The new report, released on Tuesday by the Death Penalty Information Center (DPIC), notes that there were 22 executions in 2019, down slightly from 25 in 2018 and that in that same time, New Hampshire abolished the practice and California declared a moratorium on executions.

Robert Dunham, executive director of DPIC, told Crux that it is important to view the federal jurisdiction as one jurisdiction among others and that the question with the Trump administration was whether they were going to follow the state trends and not impose the practice or whether they were going to be an outlier.

In June, the United States Conference of Catholic Bishops (USCCB) voted to revise the U.S. Catechism as a follow-up to Pope Francis’s August 2018 decision to update the global Catechism of the Catholic Church declaring the practice of the death penalty to be inadmissible.

During his September 2015 address to a joint session of the U.S. Congress, Francis applauded the U.S. bishops for their efforts to abolish the death penalty.


6. Montreal’s Dowd shows different face of ‘the bishops’ on the abuse crisis.

By John L. Allen Jr., Editor, Crux, December 17, 2019

On no front has that been truer of late than the clerical sexual abuse crisis. Indeed, sometimes it seems the lone thing the Catholic left and right can agree on vis-à-vis the scandals is the dismal performance of the hierarchy.

For everyone tempted to such a complaint, however, there’s also Bishop Thomas Dowd.

An auxiliary bishop of the Archdiocese of Montreal in Canada, Dowd was recently in a radio feature by the Canadian Broadcasting Corporation with the deliberately provocative headline, “Meet the Catholic bishop who brought a pedophile priest to justice.”

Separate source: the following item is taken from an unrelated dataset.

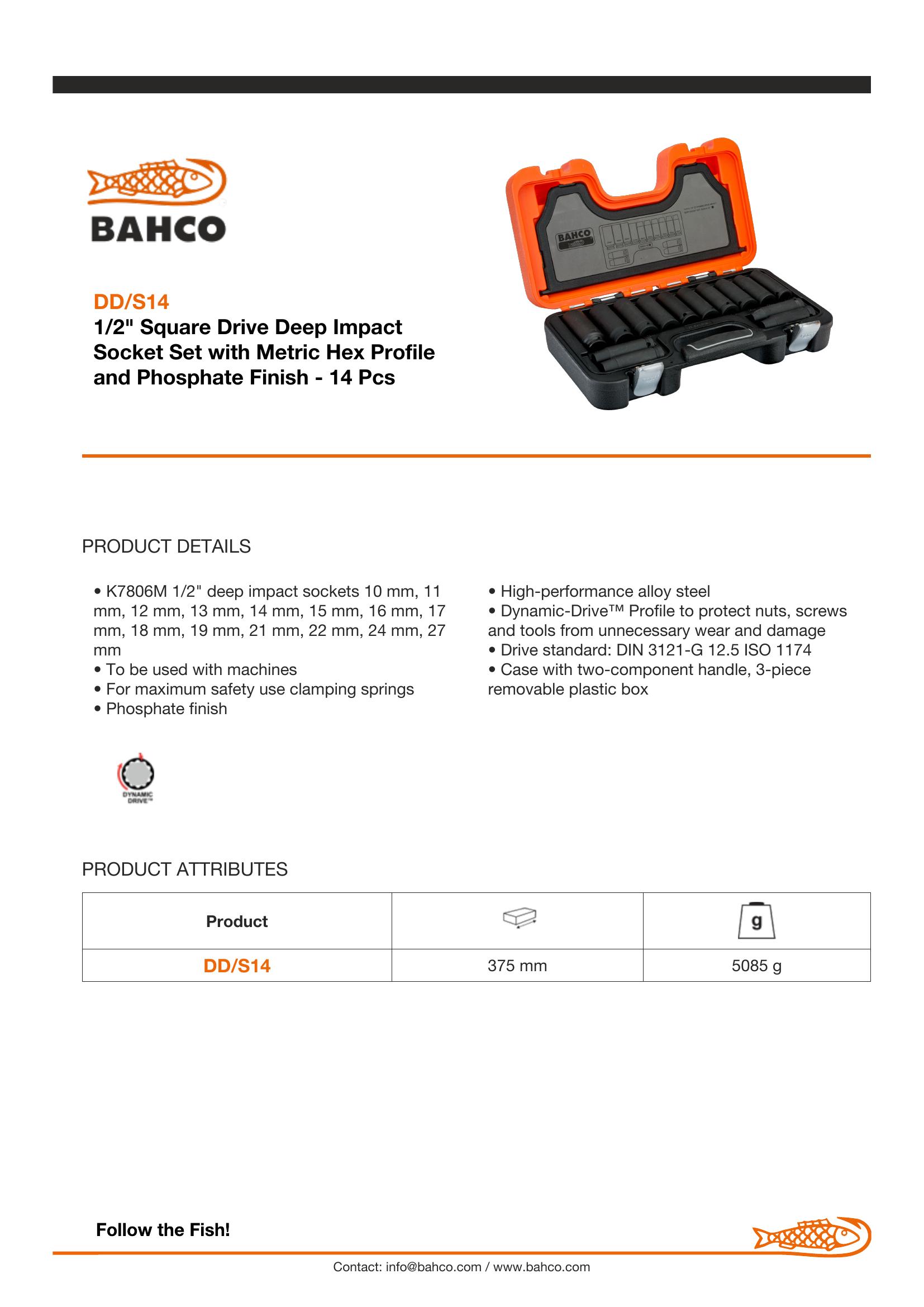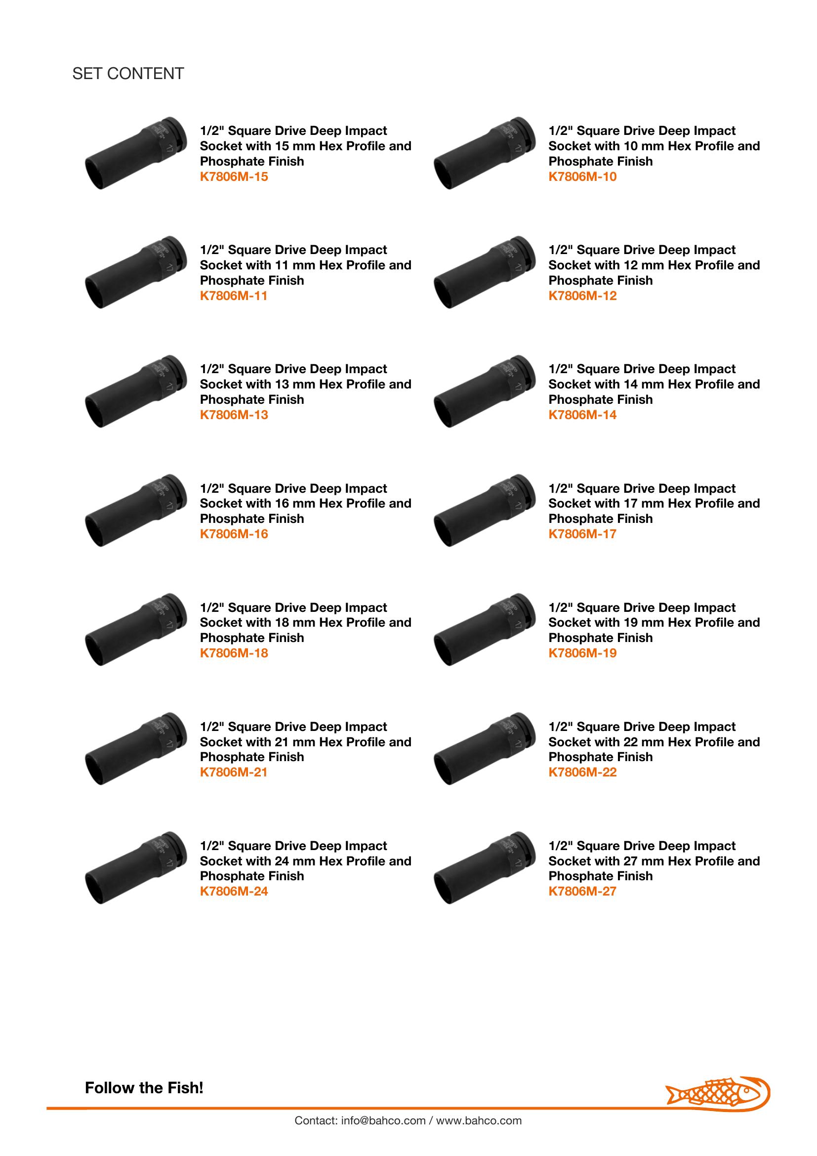 K7806M 1/2″ deep impact sockets 10 mm, 11 mm, 12 mm, 13 mm, 14 mm, 15 mm, 16 mm, 17 mm, 18 mm, 19 mm, 21 mm, 22 mm, 24 mm, 27 mm

The report tells the story of Dowd’s efforts to bring a Montreal priest named Brian Boucher to justice. Last January, Boucher was convicted of sexually abusing two minor boys, following two separate legal proceedings, and was sentenced to eight years in prison. The fact that Boucher’s cases ever went to trial was largely a result of Dowd’s efforts to identify victims after hearing rumors of misconduct, and then presenting his findings to police and prosecutors.


7. Pope Francis urges ‘community of solidarity’ between young and old.

Catholic News Agency, December 16, 2019, 11:00 AM

The elderly are crucial to a society that is respectful of the rights of all, Pope Francis told leaders and members of Italy’s National Association of Elderly Workers on Monday. Speaking at an audience commemorating the 70th anniversary of the organization’s founding, the pope said that “communion” among generations is vital for human dignity and a healthy society.

“Older people, on a social level, should not be considered as a burden, but for what they really are, that is, a resource and a wealth,” said Pope Francis. The elderly, he said, are “a memory of the people,” and valuable contributors to society.

“The biggest challenge that society will face in the coming years is to promote ever more effectively the human resources of the elderly within the community,” he said. The elderly have a “wisdom and experience,” that is key to creating “a world that is more respectful of everyone’s rights.”